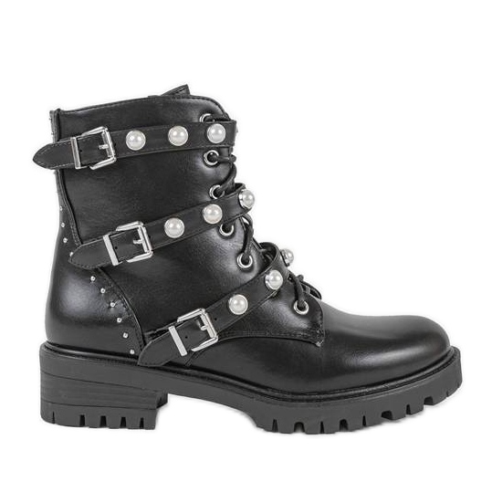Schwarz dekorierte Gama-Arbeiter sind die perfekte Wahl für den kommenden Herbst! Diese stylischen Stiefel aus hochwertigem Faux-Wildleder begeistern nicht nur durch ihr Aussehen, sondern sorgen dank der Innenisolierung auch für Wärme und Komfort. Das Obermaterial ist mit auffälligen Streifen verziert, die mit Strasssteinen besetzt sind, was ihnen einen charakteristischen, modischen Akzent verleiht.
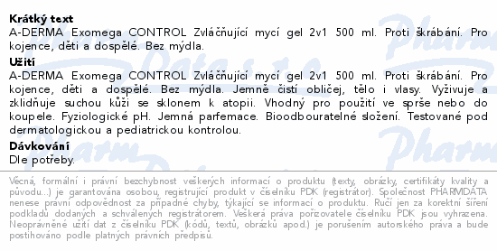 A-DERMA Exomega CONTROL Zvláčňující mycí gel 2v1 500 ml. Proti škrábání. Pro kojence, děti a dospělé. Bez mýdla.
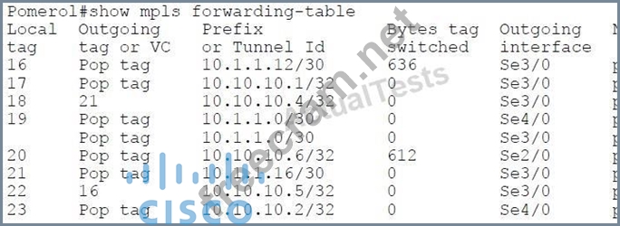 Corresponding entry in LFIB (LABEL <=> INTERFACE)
* * *
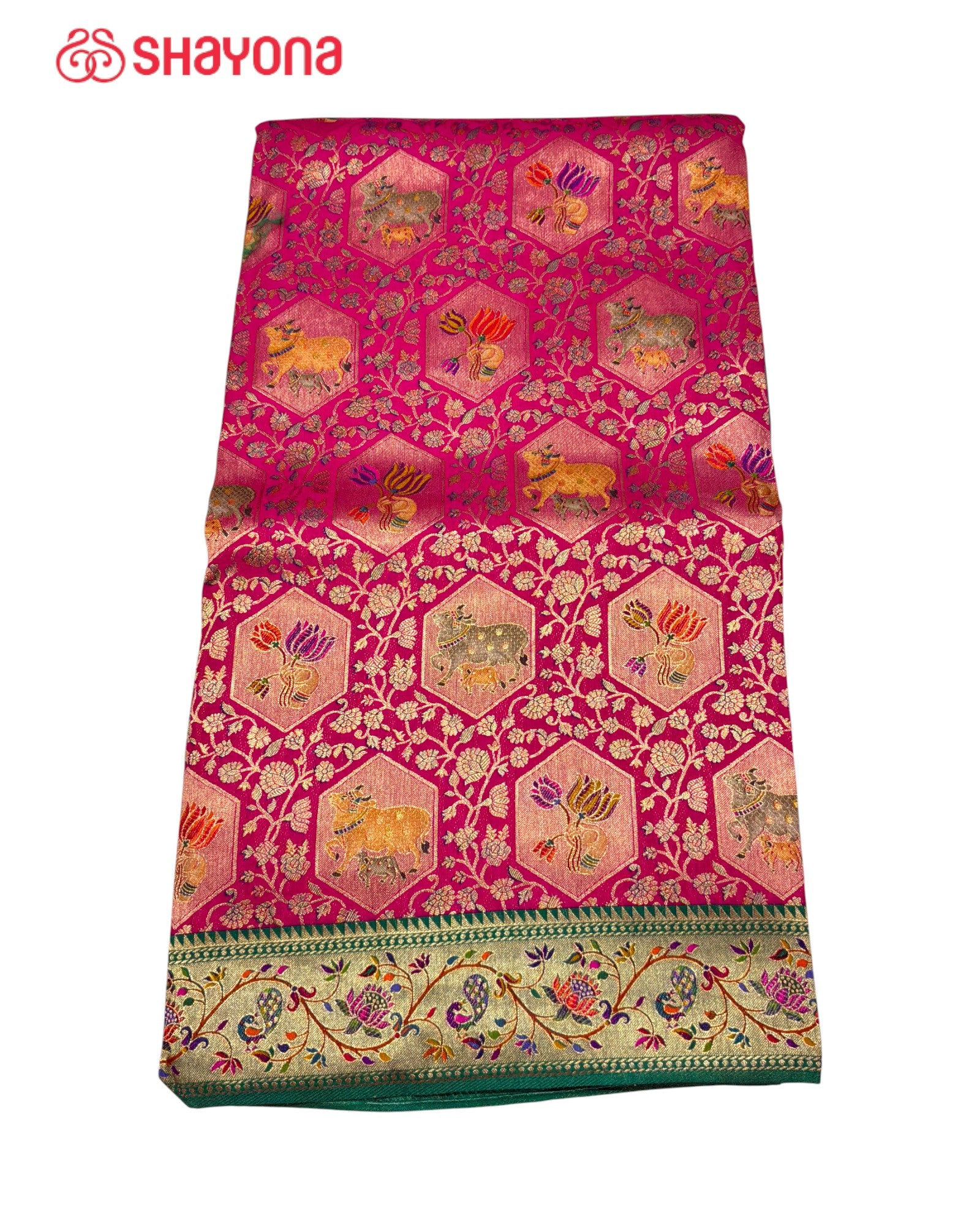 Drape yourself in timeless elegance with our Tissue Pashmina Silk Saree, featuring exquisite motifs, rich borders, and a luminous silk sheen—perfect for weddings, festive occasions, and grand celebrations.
* * *
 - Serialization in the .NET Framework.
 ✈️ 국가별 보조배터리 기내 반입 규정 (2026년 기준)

Task objective | In the entries above, which lines run from the one with "Schwarz dekorierte Gama-Arbeiter" up to and including the one with "A-DERMA Exomega CONTROL"? Write them out exactly, without the pictures.

Answer to this task |
Schwarz dekorierte Gama-Arbeiter sind die perfekte Wahl für den kommenden Herbst! Diese stylischen Stiefel aus hochwertigem Faux-Wildleder begeistern nicht nur durch ihr Aussehen, sondern sorgen dank der Innenisolierung auch für Wärme und Komfort. Das Obermaterial ist mit auffälligen Streifen verziert, die mit Strasssteinen besetzt sind, was ihnen einen charakteristischen, modischen Akzent verleiht.
 A-DERMA Exomega CONTROL Zvláčňující mycí gel 2v1 500 ml. Proti škrábání. Pro kojence, děti a dospělé. Bez mýdla.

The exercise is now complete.